Taylor Wallace is at least a little closer to figuring out what to do with all of his records. Emphasis on a little: His progress is best captured in some form of micro-measurement. “I scanned and posted 20 records for sale,” he says. “I sold the George Harrison box set for $40, and Police’s Zenyatta Mondatta, sealed in new condition, for $20. That’s a hell of a deal. Maybe that’s why they sold so fast.”
He’s not sure, though, if offloading them piecemeal is any more of a long-term strategy than any other idea he’s had on how to tame his giant hoard. “The problem is that it takes time to scan and post each one. And do I have that kind of time?” he asks. It’s already a hustle, he explains, to keep the doors open to his very small business — a furniture and installation business called Metal Magic.

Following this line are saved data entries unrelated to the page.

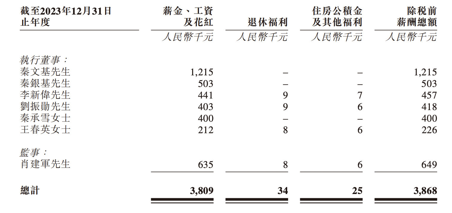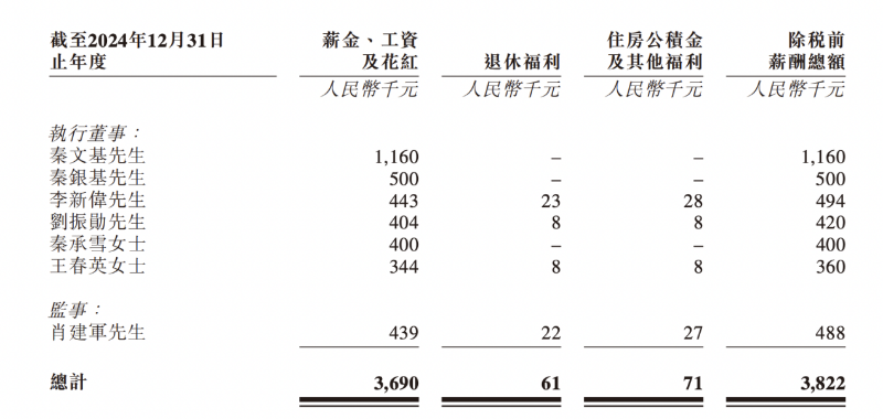 薪酬方面,2023年、2024年,秦文基除稅前薪酬總額分別為121.5萬元、116萬元,秦銀基薪酬分別為50.3萬元、50萬元。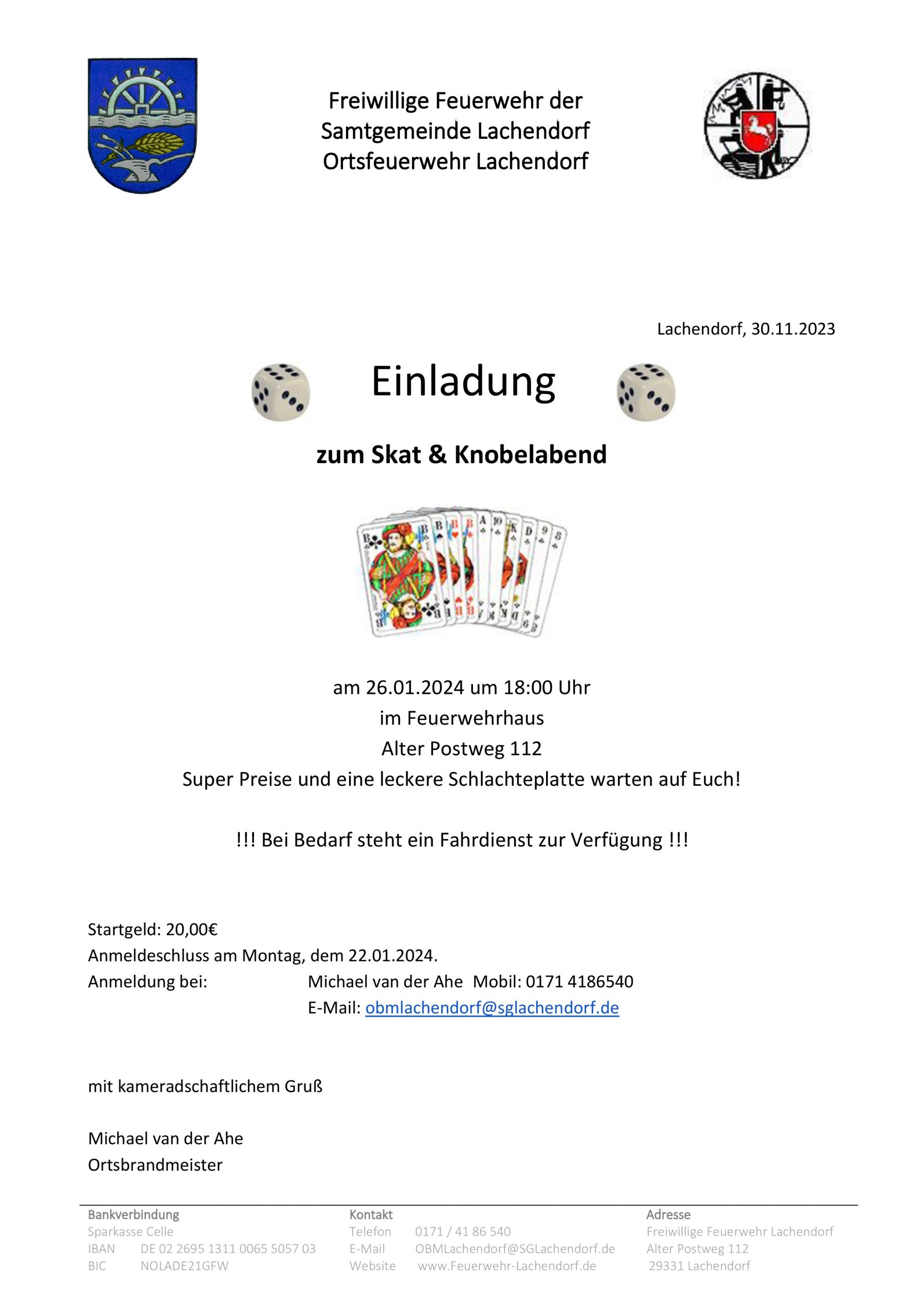 Einladung Skat & Knobeln Ortsfeuerwehr Lachendorf 2024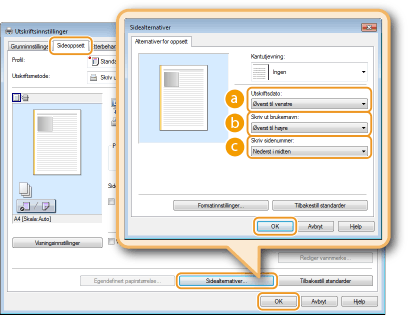 Du kan endre formateringsdetaljer som skrifttype og skriftstørrelse ved utskrift av datoer, påloggingsnavn eller sidenumre. Klikk på [Formatinnstillinger] på Sidealternativer-skjermbildet vist over for å spesifisere detaljene.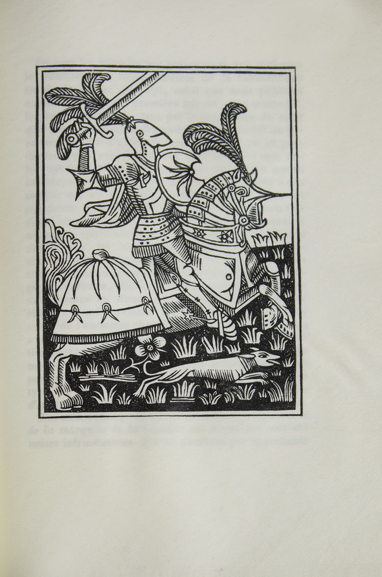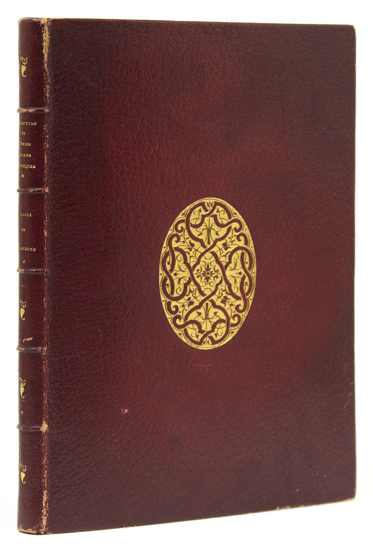 [Paris: Printed by Crapelet for Silvestre, 1841. First printed edition, one of 4 copies on vellum. Woodcut vignette on title, full page woodcut at end. [64], [2] pp. Gothic type. 12mo (6 x 4-1/2 inches; 15 x 11.5 cm.). Full red morocco with central strapwork medallion by Capé. Some rubbing to joints, but fine. First printed edition, one of 4 copies on vellum. Woodcut vignette on title, full page woodcut at end. [64], [2] pp. Gothic type. 12mo (6 x 4-1/2 inches; 15 x 11.5 cm.). A fine example of vellum printing by Crapelet, being volume 11 in the series, published by Silvestre, titled "Collection de poésies, romans, chroniques etc. publiée d'après d'anciens manuscrits et d'après des éditions des XVe et XVIe siècles." The first printed edition of an anonymous 14th century poem that employs a favorite medieval trope, that of the falsely accused wife. "The uncle of the marquise seeks in vain to seduce her during her husband's absence. Desiring revenge for his repulse, he puts a dwarf in her bed while she sleeps, pretends to find him there, murders him, and accuses the marquise of adultery. The husband on his return condemns her to be burned alive. Fortunately a knight whom she has formerly befriended arrives at this juncture, proclaims her innocence, and challenges whosoever may deny it. The uncle accepts the challenge, is conquered, and admits the falsity of the accusation. The marquis and marquise are reunited, while the knight is rewarded with half the former's lands. The rôle of Nostre Dame is subordinate as she descends from heaven only to comfort the marquise and assure the knight of her innocence" (Lancaster, "The French Tragi-Comedy" p 9). The woodcut vignette on the title, showing the marquise being carted off to her punishment, was based on the miniature in the original manuscript in the Bibliothèque Royale. The final full page woodcut shows an armored knight on horseback. Brunet notes that the editions in this series were especially cherished by bibliophiles "par sa belle exécution typographique" Brunet III, 1743 and II, 138. Provenance: Robert Hoe (morocco bookplate; Catalogue of Books Printed in Foreign Languages ... in the Hoe Library, Vol III, p. 236)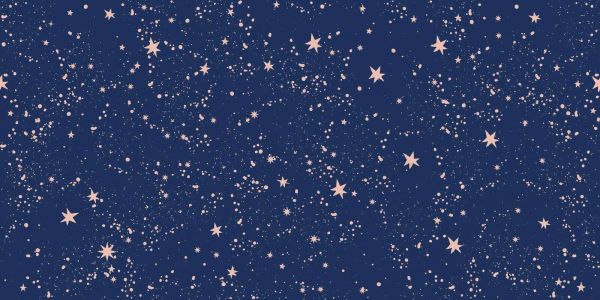 Un champ d'étoiles ludique de petites étoiles rose pâle sur un fond bleu nuit profond. Les éclaboussures aléatoires et les formes scintillantes donnent au motif une allure rêveuse et aérienne.

Including himself, he has fewer than half a dozen employees. (Metal Magic’s clients include a few Chicago Starbucks franchises, the high-end grocer/restaurant Eataly and an office installation in One World Trade Center.)
“I’m out there chasing clients to keep Metal Magic going,” he says. “I’ve got one of my employees scanning the records when they’re not building stuff, but there’s no real system in place yet. She just thinks it’s fun. But I don’t need someone to do it for fun.”
When I suggest he turn his house into a record store, he more or less loses it. “Enough with the records! I’m not making records the core of my life here! I’m busting my ass as hard as I can, and I haven’t paid myself in months. So am I supposed to just close up my business and be the record-store guy? I don’t think so.”
But he’s just as adamant that he’s not getting rid of the records, either. “I’m definitely not gonna give them away,” he says, frustrated. “There’s some amazing shit in there. I don’t know, man.”
And so, his love-hate relationship with his vinyl treasure continues — most days heavier on the hate, but never hateful enough to overwhelm the love he has for it.